А у него болело горло, и шея была обёрнута длинным серым шарфом, и отвечать не хотелось. Он попросил подогреть «Gevrey-Chambertin» — наверное, это было неправильно, его больной глотке подошёл бы обычный глинтвейн, но что теперь… Теперь он кутался в шарф и пил тягучее, красно колыхавшееся в бокале вино, и ждал, когда попросивший о встрече посланец Родины, перейдёт к делу.

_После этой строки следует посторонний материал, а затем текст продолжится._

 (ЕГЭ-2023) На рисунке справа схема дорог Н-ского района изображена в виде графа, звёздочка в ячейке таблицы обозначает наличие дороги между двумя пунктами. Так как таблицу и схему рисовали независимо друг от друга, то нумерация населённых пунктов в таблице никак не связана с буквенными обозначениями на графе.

Но тот будто не замечал и его нетерпения, и его досады. Ловко орудуя ножом и вилкой, посланец без конца подливал себе в бокал из пузатой бутылки «Laphroaig». И каждый раз отчётливо было видно, как напрягалось горло, стянутое галстуком, и невидяще соловели глаза, и подумалось: так он этот «Лефрой» и прикончит в один присест, потом возись с ним. Но нет, крепкий виски оказывал на посланца действие не большее, чем вода из-под крана. Он пил, ел, успевал прикладывать к уху телефон, и не какой-нибудь там «Vertu», a «Gresso», «Gresso Individual». Закончив с едой, друг правителя долго готовил сигару, а, раскурив ее, длинную и чёрную, уже не сводил жёсткого, немигающего взгляда.

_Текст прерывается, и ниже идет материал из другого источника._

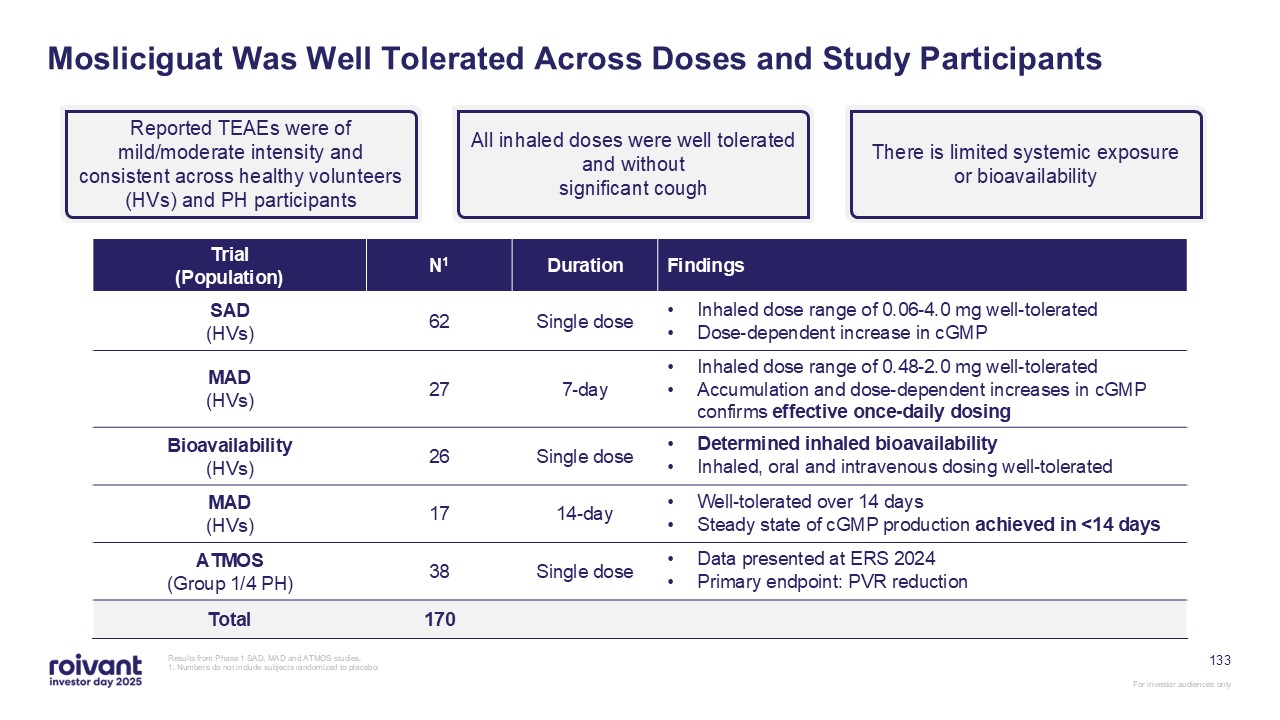 133  Mosliciguat Was Well Tolerated Across Doses and Study Participants  Results from Phase 1 SAD, MAD and ATMOS studies.  1. Numbers do not include subjects randomized to placebo.  Reported TEAEs were of mild/moderate intensity and consistent across healthy volunteers (HVs) and PH participants  All inhaled doses were well tolerated and without significant cough  There is limited systemic exposure or bioavailability  Trial(Population)  N1  Duration  Findings  SAD(HVs)  62  Single dose  Inhaled dose range of 0.06-4.0 mg well-tolerated  Dose-dependent increase in cGMP  MAD(HVs)  27  7-day  Inhaled dose range of 0.48-2.0 mg well-tolerated  Accumulation and dose-dependent increases in cGMP confirms effective once-daily dosing  Bioavailability(HVs)  26  Single dose  Determined inhaled bioavailability  Inhaled, oral and intravenous dosing well-tolerated  MAD(HVs)  17  14-day  Well-tolerated over 14 days  Steady state of cGMP production achieved in <14 days  ATMOS(Group 1/4 PH)  38  Single dose  Data presented at ERS 2024  Primary endpoint: PVR reduction  Total  170

— Ну что, поговорим? Я рассчитываю… мы все рассчитываем на твоё понимание. Если поймешь, всё у тебя сложится, а нет, так…
Чёрт! Пришлось поднять руку, чтобы ослабить шарф, горло сдавило так, что невозможно было дышать.
— Ты хоть понимаешь, против кого ты попёр? Думаешь, это вождь твой враг? Ну, есть у него к тебе вопросы… Помнишь, в девяносто шестом году ты уже со своими вышками был, а у него чемоданчик с долларами на даче сгорел, лимон, говорят, был. Выходит, пока он стоял на страже государства, ты всё сгреб под себя. А потом ещё стал выделываться, поучать… Вот пришлось тобою исправлять положение… И теперь у него ярды, и не один десяток. А кто помог наварить? Мы и помогли. И потому он делает только то, что ему скажут. Он послушный… Ты ещё не понял, кто на самом деле рулит? Русский бизнес и рулит, и потому больше никогда в России еврей не будет самым богатым, это понятно? Да я скоро куплю эту Амзрыку с потрохами. Я уже здесь! На 42 улице, в этом ресторане. Слышь, как называется эта столовка? — Столовка была одним из ресторанов Cipriani, но какое это имело значение для распаленного могуществом господина? Его дела были не так хороши, как прежде, но это тоже не имело значения. Он не пропадёт, он отработает, он заслужит…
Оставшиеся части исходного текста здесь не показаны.